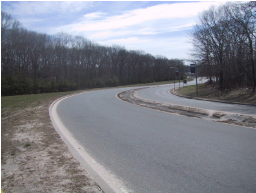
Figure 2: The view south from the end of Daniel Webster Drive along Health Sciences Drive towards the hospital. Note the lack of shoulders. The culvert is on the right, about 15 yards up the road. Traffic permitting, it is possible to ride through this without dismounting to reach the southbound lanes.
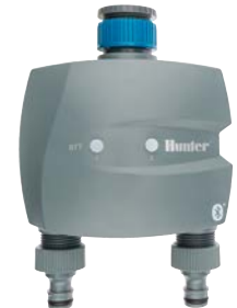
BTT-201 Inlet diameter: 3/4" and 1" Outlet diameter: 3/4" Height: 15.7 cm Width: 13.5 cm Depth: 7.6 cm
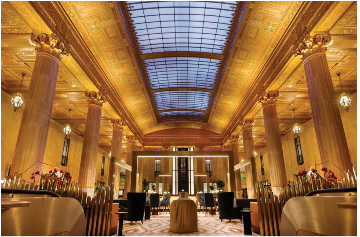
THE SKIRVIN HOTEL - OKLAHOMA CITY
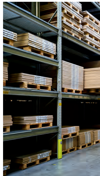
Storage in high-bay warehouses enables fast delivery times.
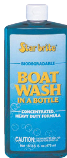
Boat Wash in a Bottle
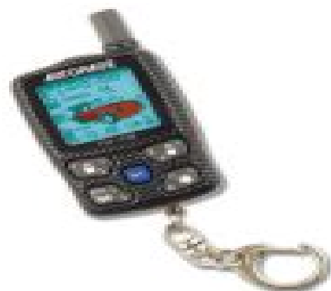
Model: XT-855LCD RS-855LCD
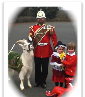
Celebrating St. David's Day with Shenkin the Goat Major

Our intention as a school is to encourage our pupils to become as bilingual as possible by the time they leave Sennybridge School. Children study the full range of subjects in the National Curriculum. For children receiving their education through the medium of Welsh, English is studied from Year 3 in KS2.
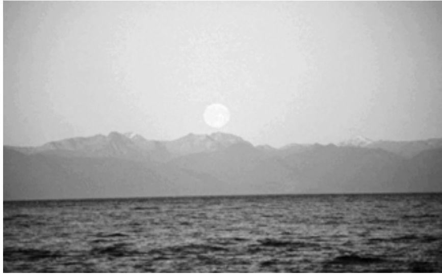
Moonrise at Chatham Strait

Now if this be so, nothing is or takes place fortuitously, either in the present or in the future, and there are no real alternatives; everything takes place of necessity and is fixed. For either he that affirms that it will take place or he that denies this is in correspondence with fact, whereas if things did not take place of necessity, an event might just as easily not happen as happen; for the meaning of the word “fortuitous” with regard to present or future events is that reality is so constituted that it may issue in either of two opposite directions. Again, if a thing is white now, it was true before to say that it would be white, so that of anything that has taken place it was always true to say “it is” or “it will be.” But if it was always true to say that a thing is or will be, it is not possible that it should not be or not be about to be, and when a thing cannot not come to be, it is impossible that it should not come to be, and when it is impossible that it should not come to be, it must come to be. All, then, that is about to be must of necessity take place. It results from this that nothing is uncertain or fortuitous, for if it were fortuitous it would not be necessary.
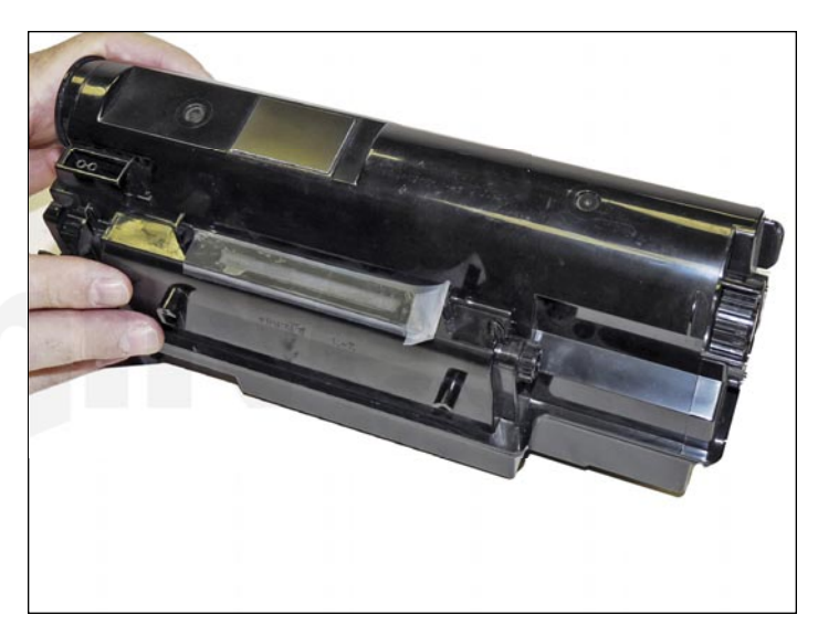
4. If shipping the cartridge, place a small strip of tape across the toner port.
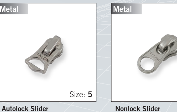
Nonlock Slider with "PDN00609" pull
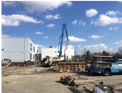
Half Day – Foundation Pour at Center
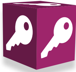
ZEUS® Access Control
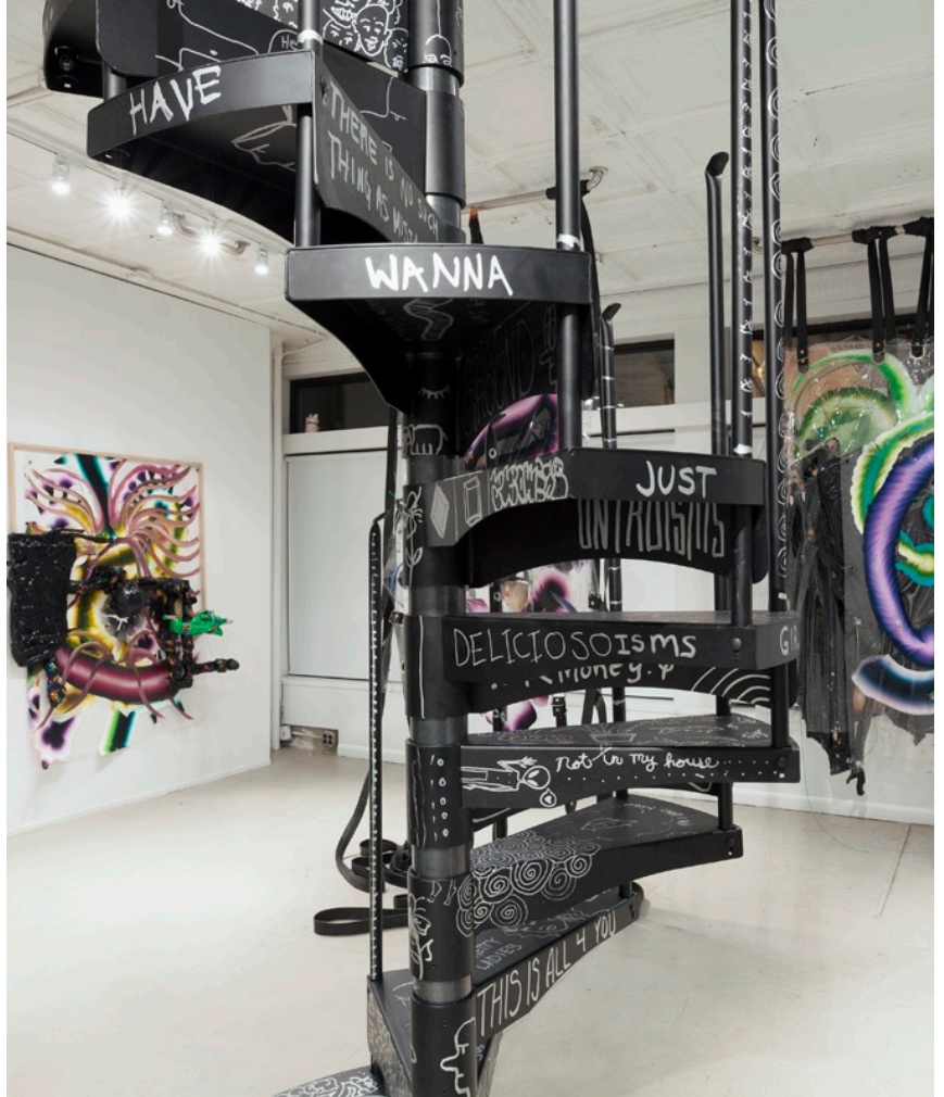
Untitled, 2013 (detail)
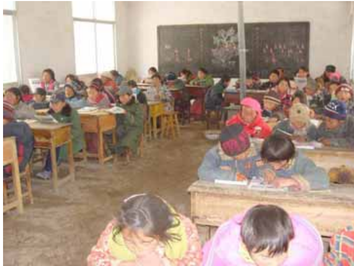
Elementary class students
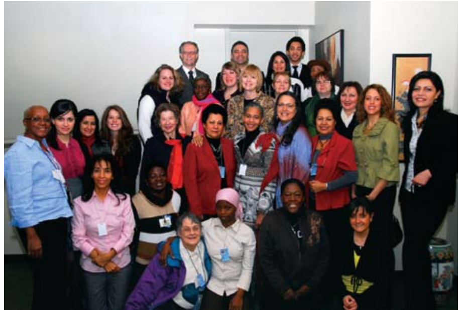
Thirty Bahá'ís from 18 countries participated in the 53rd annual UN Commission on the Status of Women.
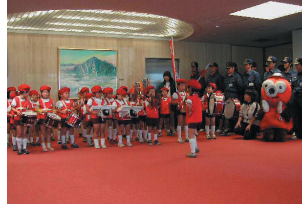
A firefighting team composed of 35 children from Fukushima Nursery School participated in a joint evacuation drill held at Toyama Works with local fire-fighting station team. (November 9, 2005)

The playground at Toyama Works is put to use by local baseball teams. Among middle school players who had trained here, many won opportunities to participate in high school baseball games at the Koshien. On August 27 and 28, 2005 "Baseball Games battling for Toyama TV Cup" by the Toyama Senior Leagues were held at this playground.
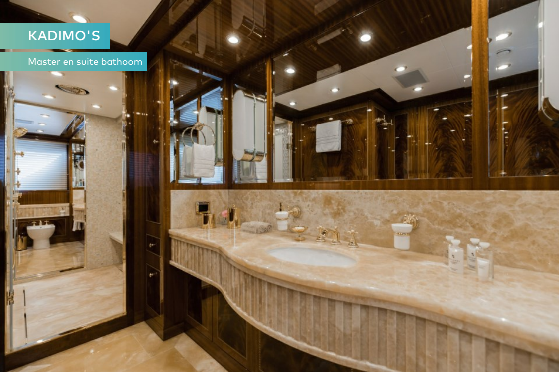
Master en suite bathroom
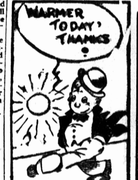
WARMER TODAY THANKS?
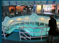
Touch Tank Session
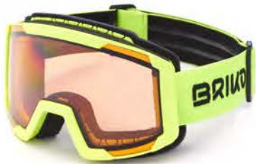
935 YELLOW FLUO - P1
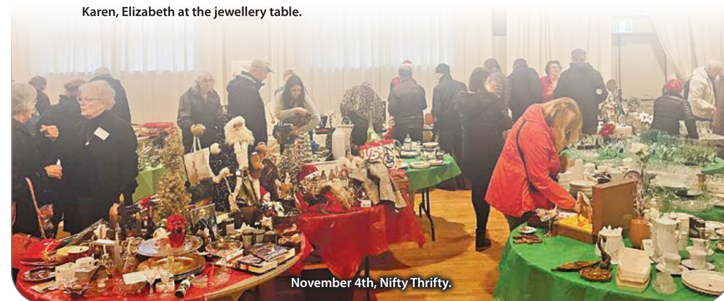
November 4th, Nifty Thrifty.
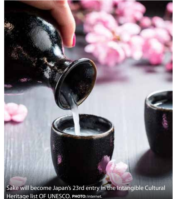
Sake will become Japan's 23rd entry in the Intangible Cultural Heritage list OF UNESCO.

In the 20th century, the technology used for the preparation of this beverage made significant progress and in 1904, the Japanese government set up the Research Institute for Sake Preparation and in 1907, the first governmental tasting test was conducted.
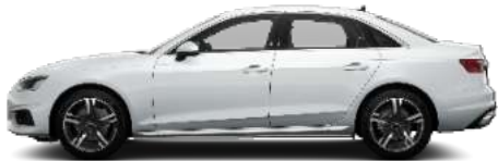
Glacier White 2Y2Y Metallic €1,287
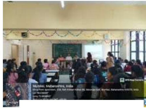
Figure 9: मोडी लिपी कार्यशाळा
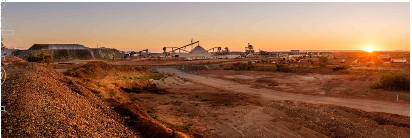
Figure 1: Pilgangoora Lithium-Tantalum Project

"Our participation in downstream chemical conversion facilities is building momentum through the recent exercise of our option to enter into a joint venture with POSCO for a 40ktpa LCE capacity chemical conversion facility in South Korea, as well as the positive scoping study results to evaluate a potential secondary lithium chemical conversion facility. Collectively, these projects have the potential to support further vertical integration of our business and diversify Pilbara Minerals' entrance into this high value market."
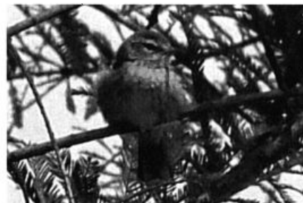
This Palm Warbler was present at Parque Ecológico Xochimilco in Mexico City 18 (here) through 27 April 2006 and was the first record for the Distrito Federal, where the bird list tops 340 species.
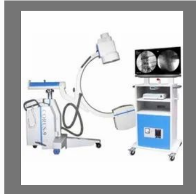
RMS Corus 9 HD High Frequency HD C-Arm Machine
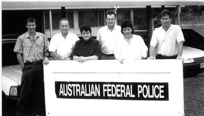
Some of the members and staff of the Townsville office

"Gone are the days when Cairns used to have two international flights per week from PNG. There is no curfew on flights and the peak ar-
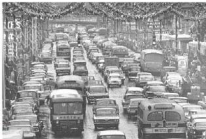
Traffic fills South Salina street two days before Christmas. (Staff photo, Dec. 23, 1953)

■ **Problem description**: Go through the data above and transcribe it in full, omitting any image.

■ **Your solution**:
Figure 2: The view south from the end of Daniel Webster Drive along Health Sciences Drive towards the hospital. Note the lack of shoulders. The culvert is on the right, about 15 yards up the road. Traffic permitting, it is possible to ride through this without dismounting to reach the southbound lanes.
BTT-201 Inlet diameter: 3/4" and 1" Outlet diameter: 3/4" Height: 15.7 cm Width: 13.5 cm Depth: 7.6 cm
THE SKIRVIN HOTEL - OKLAHOMA CITY
Storage in high-bay warehouses enables fast delivery times.
Boat Wash in a Bottle
Model: XT-855LCD RS-855LCD
Celebrating St. David's Day with Shenkin the Goat Major

Our intention as a school is to encourage our pupils to become as bilingual as possible by the time they leave Sennybridge School. Children study the full range of subjects in the National Curriculum. For children receiving their education through the medium of Welsh, English is studied from Year 3 in KS2.
Moonrise at Chatham Strait

Now if this be so, nothing is or takes place fortuitously, either in the present or in the future, and there are no real alternatives; everything takes place of necessity and is fixed. For either he that affirms that it will take place or he that denies this is in correspondence with fact, whereas if things did not take place of necessity, an event might just as easily not happen as happen; for the meaning of the word “fortuitous” with regard to present or future events is that reality is so constituted that it may issue in either of two opposite directions. Again, if a thing is white now, it was true before to say that it would be white, so that of anything that has taken place it was always true to say “it is” or “it will be.” But if it was always true to say that a thing is or will be, it is not possible that it should not be or not be about to be, and when a thing cannot not come to be, it is impossible that it should not come to be, and when it is impossible that it should not come to be, it must come to be. All, then, that is about to be must of necessity take place. It results from this that nothing is uncertain or fortuitous, for if it were fortuitous it would not be necessary.
4. If shipping the cartridge, place a small strip of tape across the toner port.
Nonlock Slider with "PDN00609" pull
Half Day – Foundation Pour at Center
ZEUS® Access Control
Untitled, 2013 (detail)
Elementary class students
Thirty Bahá'ís from 18 countries participated in the 53rd annual UN Commission on the Status of Women.
A firefighting team composed of 35 children from Fukushima Nursery School participated in a joint evacuation drill held at Toyama Works with local fire-fighting station team. (November 9, 2005)

The playground at Toyama Works is put to use by local baseball teams. Among middle school players who had trained here, many won opportunities to participate in high school baseball games at the Koshien. On August 27 and 28, 2005 "Baseball Games battling for Toyama TV Cup" by the Toyama Senior Leagues were held at this playground.
Master en suite bathroom
WARMER TODAY THANKS?
Touch Tank Session
935 YELLOW FLUO - P1
November 4th, Nifty Thrifty.
Sake will become Japan's 23rd entry in the Intangible Cultural Heritage list OF UNESCO.

In the 20th century, the technology used for the preparation of this beverage made significant progress and in 1904, the Japanese government set up the Research Institute for Sake Preparation and in 1907, the first governmental tasting test was conducted.
Glacier White 2Y2Y Metallic €1,287
Figure 9: मोडी लिपी कार्यशाळा
Figure 1: Pilgangoora Lithium-Tantalum Project

"Our participation in downstream chemical conversion facilities is building momentum through the recent exercise of our option to enter into a joint venture with POSCO for a 40ktpa LCE capacity chemical conversion facility in South Korea, as well as the positive scoping study results to evaluate a potential secondary lithium chemical conversion facility. Collectively, these projects have the potential to support further vertical integration of our business and diversify Pilbara Minerals' entrance into this high value market."
This Palm Warbler was present at Parque Ecológico Xochimilco in Mexico City 18 (here) through 27 April 2006 and was the first record for the Distrito Federal, where the bird list tops 340 species.
RMS Corus 9 HD High Frequency HD C-Arm Machine
Some of the members and staff of the Townsville office

"Gone are the days when Cairns used to have two international flights per week from PNG. There is no curfew on flights and the peak ar-
Traffic fills South Salina street two days before Christmas. (Staff photo, Dec. 23, 1953)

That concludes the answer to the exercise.